3. Une majorité des modifications apportées par la Loi visant à renforcer la justice militaire pour la défense du Canada qui fut sanctionnée le 19 juin 2013 mais qui, étrangement, ne sont toujours pas en vigueur vont finalement voir le jour sous peu. A titre d’exemple, ceci comprend les dispositions suivantes qui seront mises en vigueur:

a.La loi introduit trois nouveaux types de peine; l’absolution inconditionnelle, les peines discontinues et les ordonnances de dédommagement.

i. En examinant l’intérêt de l’accusé et l’intérêt public, la cour martiale pourra dorénavant absoudre inconditionnellement un accusé reconnu coupable d’une infraction pour laquelle il n’y a pas de peine minimale ou de peine maximale de 14 ans et plus.

ii. La cour martiale pourra dorénavant ordonner à un contrevenant de purger sa peine d’emprisonnement de façon discontinue, ce qui signifie fréquemment la fin de semaine. Sans cette possibilité, un réserviste devant purger une peine d’emprisonnement ou de détention risquerait de perdre son emploi dans le secteur civil.

iii. La cour martiale pourra dorénavant imposer des ordonnances de dédommagement à un contrevenant.

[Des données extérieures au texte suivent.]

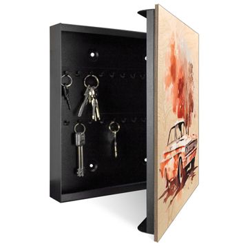Schlüsselkasten mit Holzfront - Design Schlüsselbox Motiv Retro-Fahrzeug in der Landschaft
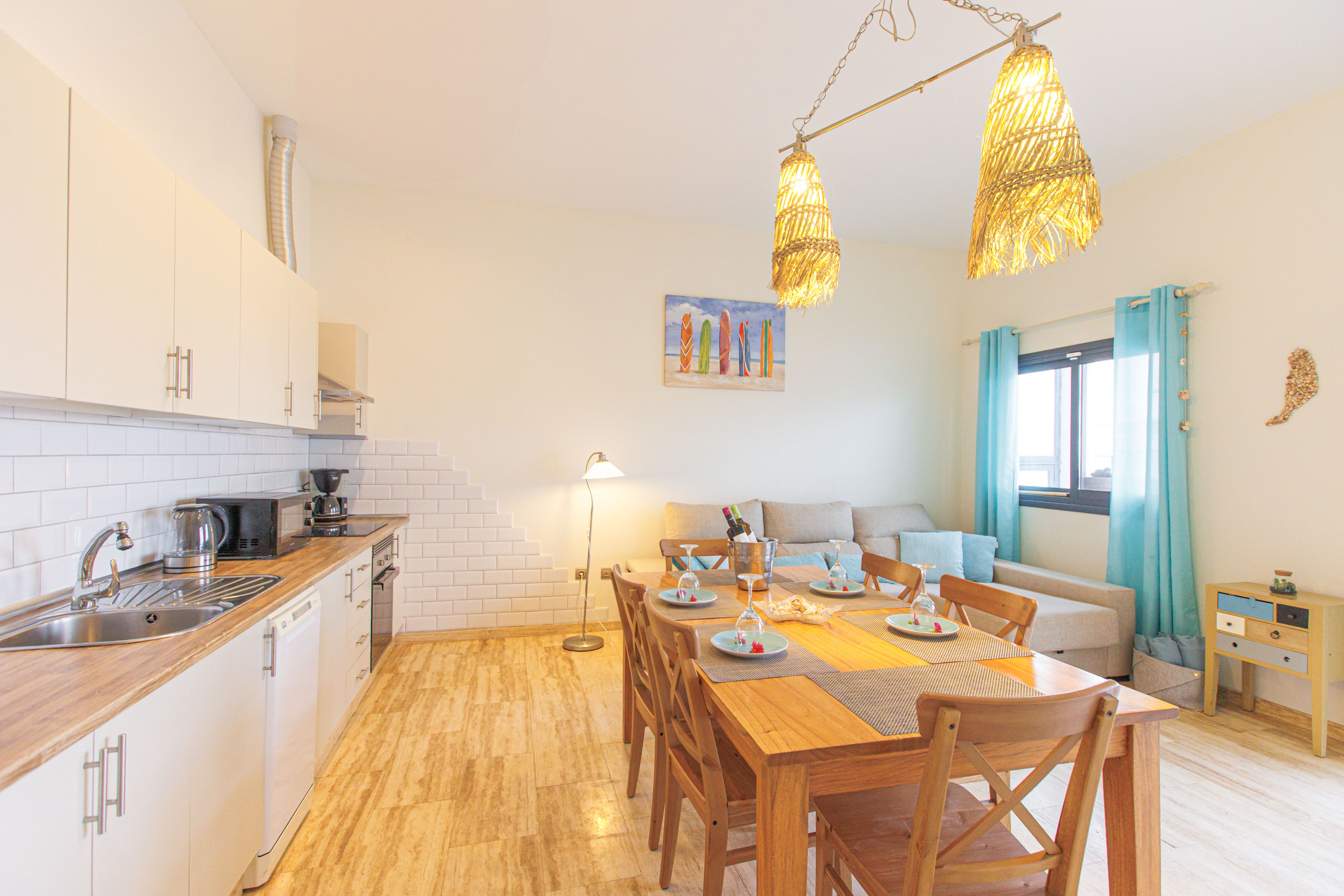 Wir heißen Sie in unserer gemütlichen Wohnung in El Cotillo willkommen, die ideal für Familien und Freundesgruppen ist, die unvergessliche Momente gemeinsam verbringen möchten. Der geräumige, 90 Quadratmeter große Raum wurde sorgfältig mit Blick auf den Komfort und die Bequemlichkeit der Gäste eingerichtet.

Cette ordonnance obligera le contrevenant à verser à la victime une somme couvrant les dommages matériels, corporels et psychologiques subis par suite de l’infraction.

iv. Avant de déterminer la peine à infliger à un contrevenant ou pour décider si celui-ci devrait être absous inconditionnellement, la cour martiale prendra en considération la déclaration de toute victime sur les dommages ou les pertes qui lui ont été causés par la perpétration de l’infraction. Sur demande de la victime, la cour martiale lui permettra de lire sa déclaration ou d’en faire la présentation de toute autre façon qu’elle juge indiquée.

b. Le délai de prescription pour les périodes civiles passe de six (6) mois à deux ans pour intenter une action contre le gouvernement pour un acte, une négligence ou un manquement concernant l’application de la loi sur la défense nationale ou de ses règlements. Cette prolongation du délai de prescription le rend conforme à ceux existants dans la grande majorité des juridictions civiles au Canada.

Pris dans son ensemble, le tiercé annoncé par Madame la commodore Bernatchez et son état-major et approuvé par le gouvernement Trudeau constitue un véritable tour de force longuement attendu. Faire accepter une telle vague de réforme du système judiciaire militaire par la haute hiérarchie militaire est le fruit d’un leadership transformationnel capable d’insuffler une direction claire et audacieuse et un changement de fond au plan de l’organisation de la justice et de la discipline militaire et c’est tant mieux pour nos braves militaires et leurs familles. Bravissimo.»